The benefits of exercise keep mounting.
Now scientists say regular exercise is safe even for people who survive heart failure and may slightly lower their risk of death or another hospitalization.
The finding is from the largest and most comprehensive clinical trial to examine the effects of exercise in chronic heart failure patients, according to an announcement today from the National Heart, Lung, and Blood Institute (NHLBI) of the National Institutes of Health.
The study also found that heart failure patients who add regular, moderate physical activity to standard medical therapy report a higher quality of life compared to similar patients who receive medical therapy only.
"Many patients and health care providers have continued to be concerned about the safety of aerobic exercise for heart failure," said NHLBI Director Dr. Elizabeth G. Nabel. "With the results of this robust clinical trial, we can now reassure heart failure patients that, with appropriate medical supervision, regular aerobic exercise is not only safe but it can also improve their lives in really meaningful ways."
Physical exercise has previously been found to help kids get better grades, spur growth of new brain cells, and improve the brains of the elderly.
The results are published in two papers in the April 8 issue of the Journal of the American Medical Association. The study was conducted at 82 centers in the United States, Canada, and France.
About five million people in the United States have heart failure, a potentially life-threatening condition in which the heart has a reduced ability to pump blood through the body. It is leading cause of hospitalization among Americans age 65 and older.
The problem is growing, the scientists said. Each year, another 550,000 people are diagnosed for the first time.
Heart failure usually develops over several years and commonly results from coronary artery disease, high blood pressure, or diabetes. Treatment typically includes lifestyle changes, medicines, and regular outpatient follow-up with a health care provider. Some patients also need medical devices to help the heart pump better, or surgeries, such as a coronary artery bypass operation or heart transplant.
Earlier, smaller clinical trials have suggested that exercise is beneficial for heart failure patients, and clinical guidelines recommend moderate exercise for this condition.

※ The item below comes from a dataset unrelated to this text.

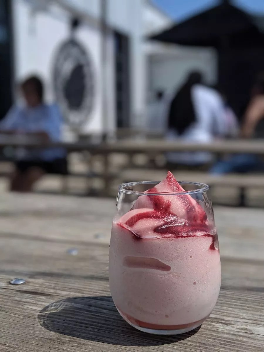 In addition to offering frosé, a frozen margarita (tequila, cointreau, lime) and a frozen mule (vodka, lime, ginger beer), The Charlevoix also has a Jim Beam orange-based frozen drink made with vanilla vodka, amaretto, and citrus called Fred the Push. Might as well push that drink right into our faces.

Nonetheless, safety concerns persisted.
The new study followed 2,331 patients with moderate-to-severe systolic heart failure (average age 59) for up to four years (average of 2.5 years).
About one-half of the participants were randomly assigned to receive usual care alone, which included medical and device therapy as prescribed by their physicians and educational materials on disease management. They were also asked to engage in 30 minutes of moderate physical activity on most days of the week.
The other half of the participants were in the exercise training group, and they received usual care plus 36 sessions of group-based, supervised aerobic exercise training (walking or stationary cycling) of up to 35 minutes three times per week. These participants were asked to transition to home-based training at the same intensity five times per week for the remainder of the study and received a treadmill or stationary bike for home use and a heart rate monitor.
Compared to the usual care group, the exercise training group had slightly fewer (statistically non-significant) deaths or hospitalizations from any cause.
When researchers adjusted the findings for the strongest predictors of death or hospitalization — initial exercise capacity, history of atrial fibrillation, depression, cardiac pumping function, and cause of heart failure — exercise training was linked to an 11 percent lower risk of all-cause death or hospitalization and a 15 percent lower risk of cardiovascular-related death or heart failure hospitalization.
In addition, there was no significant difference in serious adverse events between the two groups, such as an abnormal heart rhythm, hip fracture, or hospitalization related to exercise, suggesting that exercise training was well tolerated and safe, the researchers explained.
The benefits of exercise may even be underestimated by the study results because many of the usual care participants also exercised, the scientists point out.